Mixed cations-based perovskites have attracted a lot of interest because of their ability to harvest light energy and ambient air stability. Herein, we synthesized mixed methylammonium/formamidinium cations (MA+/FA+) perovskite materials and explored their potential for harvesting energy from the indoor LED light source. The incorporation of FA+ in methylammonium lead iodide (MAPbI3) induces a transition in crystal structure from tetragonal to intermediate quasi-cubic, resulting in a more stable and efficient quasi-cubic perovskite structured morphology.
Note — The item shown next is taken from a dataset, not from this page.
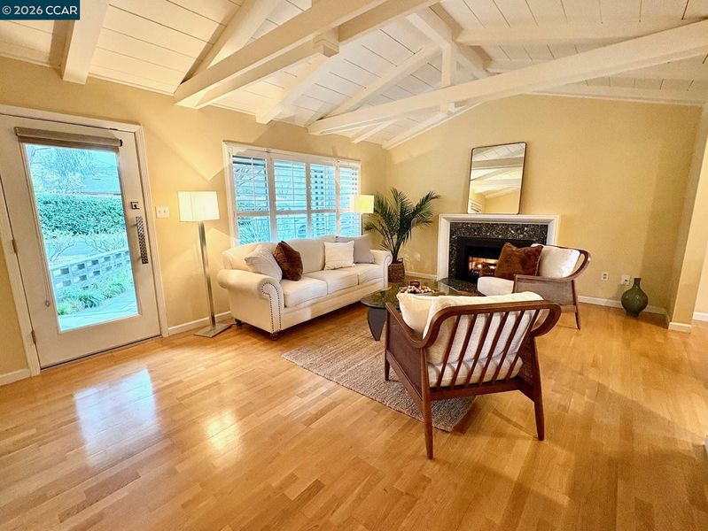 This home is a calm botanical oasis where you can sit poolside and enjoy nature. Relax in a serene garden with professionally designed landscaping for both beauty and easy maintenance. Featuring three comfortable bedrooms and custom closet organizers. The updated bathroom includes new fixtures, lighting and heated towel rack- a little luxury for those chilly mornings. The bright living room boasts vaulted wood beam ceilings marble gas fireplace and dining room that opens directly to the yard through dual French doors. Original hardwood floors, new designer paint and plantation shutters throughout. Located in the Orchard Glen neighborhood of Walnut Creek. Just a short walk to top-rated schools, local parks, hiking trails. Larkey Swim Club, shopping and dining at Palos Verdes Mall, Lunardi’s, Market on Larkey, Larkey Park, famous for its community vibe and splash pad, and so much more!

The fabricated photovoltaic devices demonstrated an efficiency of 34.07% with mixed cations compared to the reference MAPbI3 of 28.63% under the indoor LED lamp at 1000 lx. The optimized photovoltaic device has displayed considerable enhancement in short circuit current density (JSC) and open-circuit voltage (VOC), including lower hysteresis and reduced recombination losses. Furthermore, a detailed study was conducted to determine the impact of quasi-cubic crystal structures on the grains and grain boundaries that exist in the perovskite film. The surface potential (SP), and charge carrier dynamics measurements nearby grain boundaries revealed a significant decrease in defects or trap states. In brief, this work comprehensively puts forward a prospective candidature of quasi-cubic perovskites for the development of photovoltaic technology to harvest indoor light energy.